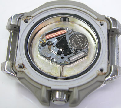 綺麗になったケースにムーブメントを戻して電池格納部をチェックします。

...

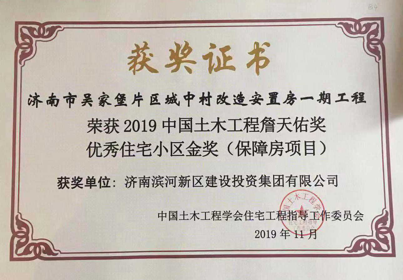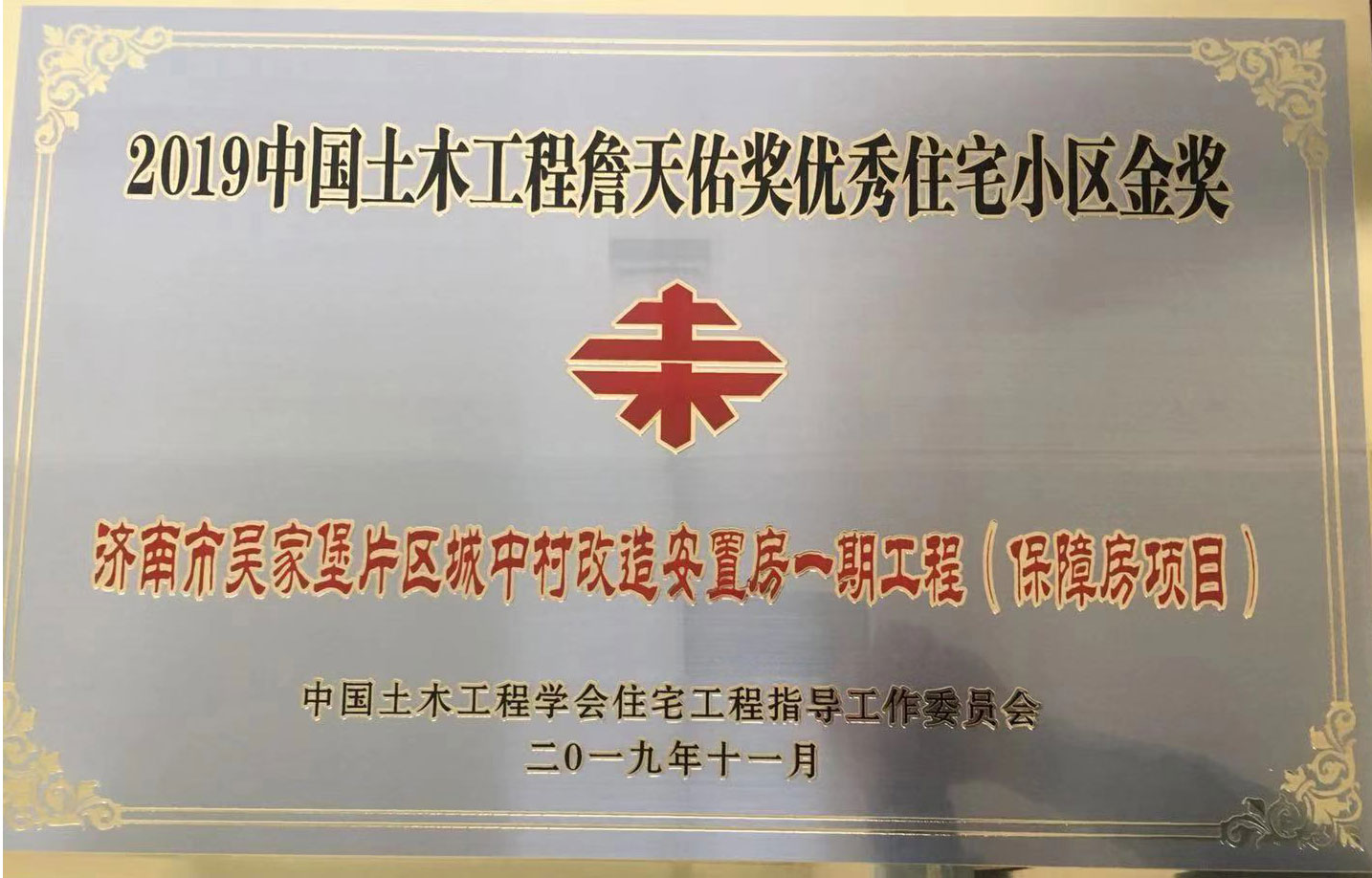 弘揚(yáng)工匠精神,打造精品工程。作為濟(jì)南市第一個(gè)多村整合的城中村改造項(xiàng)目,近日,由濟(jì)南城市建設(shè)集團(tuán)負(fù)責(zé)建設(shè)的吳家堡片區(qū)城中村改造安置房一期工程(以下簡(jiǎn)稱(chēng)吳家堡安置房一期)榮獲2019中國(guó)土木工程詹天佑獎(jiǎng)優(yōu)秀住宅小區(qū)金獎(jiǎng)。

--

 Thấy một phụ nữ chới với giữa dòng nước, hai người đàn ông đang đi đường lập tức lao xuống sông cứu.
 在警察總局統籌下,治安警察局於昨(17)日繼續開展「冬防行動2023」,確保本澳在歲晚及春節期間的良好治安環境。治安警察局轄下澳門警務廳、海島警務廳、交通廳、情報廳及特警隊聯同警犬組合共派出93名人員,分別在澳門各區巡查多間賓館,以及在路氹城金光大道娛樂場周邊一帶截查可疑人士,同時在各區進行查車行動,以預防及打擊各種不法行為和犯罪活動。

Assignment: Look above for the line with "Thấy một phụ" and the line with "在警察總局統籌下,治安警察局"; transcribe both and all lines in between, exactly, and nothing else.

Written response:
 Thấy một phụ nữ chới với giữa dòng nước, hai người đàn ông đang đi đường lập tức lao xuống sông cứu.
 在警察總局統籌下,治安警察局於昨(17)日繼續開展「冬防行動2023」,確保本澳在歲晚及春節期間的良好治安環境。治安警察局轄下澳門警務廳、海島警務廳、交通廳、情報廳及特警隊聯同警犬組合共派出93名人員,分別在澳門各區巡查多間賓館,以及在路氹城金光大道娛樂場周邊一帶截查可疑人士,同時在各區進行查車行動,以預防及打擊各種不法行為和犯罪活動。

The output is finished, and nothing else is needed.